Plot film ini cukup orisinal, dengan pengembangan konflik yang tak terduga. Saya menyarankan menonton tanpa membocorkan informasi terlebih dahulu karena beberapa tebakan dari trailernya bisa jadi salah. Meskipun dikategorikan sebagai rom-com, film ini justru memiliki nuansa horor yang dalam, memperlihatkan ketegangan emosional yang tak mudah diabaikan.
Kinerja Pemeran
Charlie dan Emma diperankan oleh Robert Pattinson serta Zendaya, yang berhasil membangun atmosfer gelisah melalui ekspresi dan gerak tubuh mereka. Pattinson tampil ekspresif, menunjukkan seorang pria yang kewalahan secara emosional, sementara Zendaya mengomunikasikan kerentanan dan penyesalan dengan peran yang totalitas.
“Seberapa dalam mengenal pasangan kita? Seberapa besar masa lalu pasangan yang bisa kita terima?”
Salah satu hal yang menarik adalah kehadiran Hailey Gates di akhir film, yang menambahkan lapisan ketegangan baru. Adegan tersebut berfungsi sebagai momok bagi siapa pun yang merencanakan pernikahan. Meski demikian, sebagian adegan terasa tidak selaras, terutama saat film menggambarkan hal-hal yang dianggap ringan sebagai sesuatu yang menggembirakan.

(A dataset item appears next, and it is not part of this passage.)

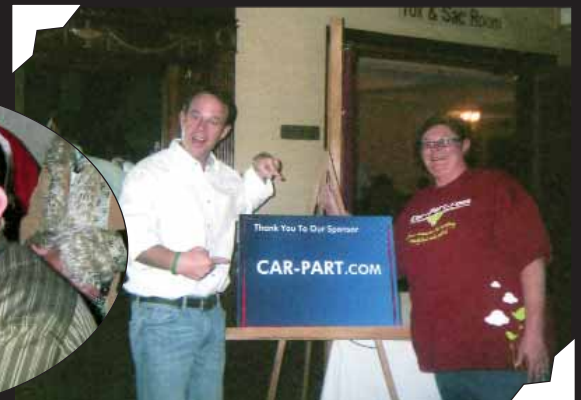
Happy Hour by CAR-PART.com

Para pemeran pendukung juga memberikan kontribusi kuat. Alana Haim menjadi antagonis yang misterius, sementara Mamoudou Athie memainkan peran wasit yang berusaha menenangkan kerusakan emosional dalam hubungan. Film ini mengemas durasi 106 menit dengan padat, tetapi struktur ceritanya terkadang membingungkan karena kecepatan penceritaan dan transisi antara masa lalu dan daydream.
Refleksi dan Poin Penting
The Drama menyajikan refleksi mendalam tentang komitmen, masa lalu, serta cara cinta terbentuk. Meski perjalanan emosionalnya melelahkan, film ini patut dicermati karena mampu menawarkan pengalaman yang menyentuh. Sutradara Kristoffer Borgli, yang juga penulis naskah, mencoba menghadirkan kisah yang kompleks, namun kadang terasa kurang tepat dalam menggambarkan konflik.
Komedi gelap yang ditampilkan dalam film ini berpotensi menimbulkan debat, terutama karena konflik age-gap relationship yang muncul dalam lamunan Charlie. Meskipun begitu, The Drama tetap berkesan sebagai karya yang menantang dan penuh makna.